We have arrived! Daytime can now officially begin, for "the little people."
 

    You sense immediately that the curtain has risen on a big-time "production," complete with supposedly nuanced roles, heart-wrenching drama, carefully contrived, tortured, silly segues and attempts at comic relief, accompanied, unfortunately by some fake, explosive, side-splitting, woodpeckery, stop-on-a-dime guffaws. Thanks for that, Steve. Just what I needed for my decades-long morning sickness. Add to that your sidekick's swoopy-voiced manipulation, coyness, cuteness, faux delicacy and eyelash-batting playfulness, and I am ready for the vomitorium. 
    In Montagne's  mouth, words sound like fruity candies, moisturizing her tongue as they roll around deliciously. God! She manages to turn one-syllable words -- such as "act" -- into three syllables! (She has generously taught this laryngeal feat to Jean Cochran, who makes "this" a three-syllable word when she ponderously proclaims, "Th-ii-is...is...N..P..R," as if she were announcing the Second Coming of Christ.)
    But seriously: How many times each day do we have to be reminded, "...and I'm Renee Montagne." We know that. Who cares? If you want a platform for your show-offy personality, why don't you do a blog, and let it rip? It works for me. And then "Morning Edition" could be straightforward. You know: professional.
    It is NPR's cultivation of a "unique style," and its environment of glowing specialness, that has transformed what I assume were once regular people into grotesque caricatures. They are fancy, pampered people who put on a show -- a highly produced, tightly paced, cynically manipulative show -- for we gentle cows, "out there in the heartland," who listen intently and then agree to be milked.
    Each day, another theatrical extravaganza unfolds. One aspect that's particularly irritating is that the hosts, and the reporters they interview (journalists probing journalists -- always a treat), are heavily scripted, but they attempt vainly to sound spontaneous. Thus, their pauses, their stammers, their "groping" for words that are right there in front of them, their "sad feelings" (cue the sad music!) and their bursts of saucy banter, are plotted down to the millisecond. 

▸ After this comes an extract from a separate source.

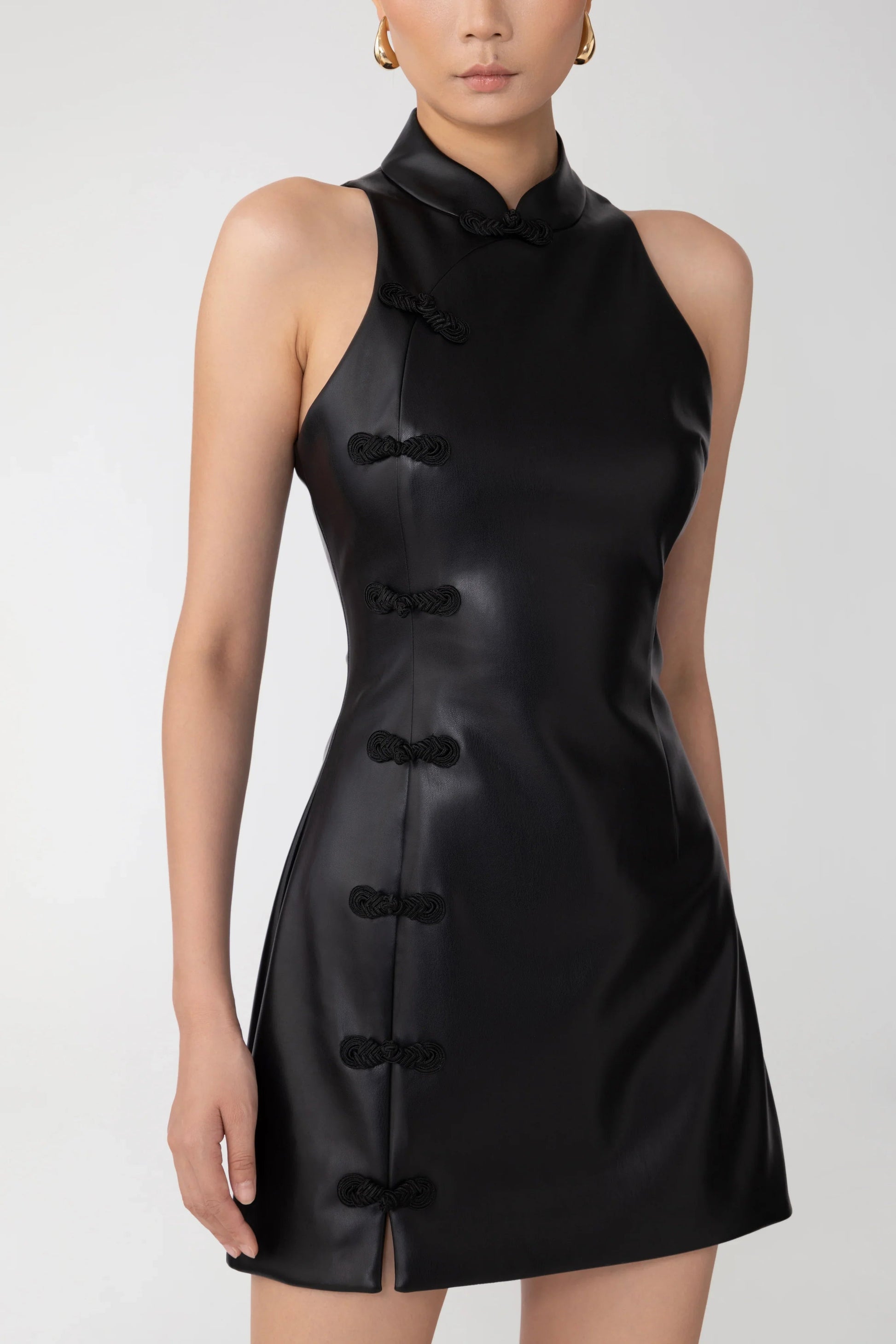 Modern Cheongsam faux leather mini dress featuring a Mandarin collar and signature hand-tied pipa knot button detail on the side seam.

"It's so, um....it's just hard, really...to convey, you know, the scope of the tragedy."
 

    They are being dishonest toward their audience, and I resent it.
    For many years, as I wrote in 2011, I have sensed that NPR has a sort of  'finishing school' for on-air personalities. During this indoctrination, I visualize that reporters and anchors are taught an absurdly unnatural and contrived rhythm of speech that involves odd pauses, obnoxious emphases and pathetically obvious attempts to sound spontaneous, when it is clear, as previously mentioned, that they are reading from a script -- even during what are disingenuously portrayed as unrehearsed interchanges. These scripts are evidently not edited by anyone with a brain (although they do have a number of well-compensated staffers whose title is "editor").  
    Our benevolent, omniscient "tour guides to today's world" have apparently practiced ad nauseam how to hurtle and flutter their voices, seduce, emotionalize and sickeningly PERSONALIZE their approach to the news, slipping effortlessly from hilarity to hushed, quivery tones of tragedy. They speed up and slow down for no apparent reason other than to give us a chronic case of aural vertigo.

"Oh, the humanity!"

      I once tried to keep a log of all the grammatical errors, redundancies, mangled syntax, misused words, misappropriated metaphors, misunderstood and/or misstated figures of speech,  and inane, naive or self-evident observations during each day's "Morning Edition," and I had to give it up because I couldn't get anything else done -- I just sat there scribbling. NPR personalities make the kind of errors that you are taught to avoid in Journalism 101, like not saying "armed gunman," because that is a STUPID thing to say, just as "pro-Putin supporters" is a stupid thing to say. When Inskeep recently told us about the "birth of a baby boy" (Giuseppe Verdi) I was too weary to yell, "at least he wasn't a teenager!"
   NPR brains -- it sometimes appears -- are on autopilot, so the egos can have access to as much neural glucose and ketones as possible.
   For years, I didn't understand why some people make fun of NPR, but now I get it. There is a culture there -- that I guess dates back to the Bob Edwards, Susan Stamberg and Linda Wertheimer days  (Wertheimer describes herself as a "beloved figure" who has had a "profound" effect on public broadcasting, a characterization that Stamberg must surely feel belongs to her) --  which conveys such self-satisfaction and self-importance that it can actually be refreshing to listen to right-wing radio -- which is garishly straightforward about its ballsy macho ethic and conspiratorial fear-mongering -- or AM news radio, where they actually play it straight. 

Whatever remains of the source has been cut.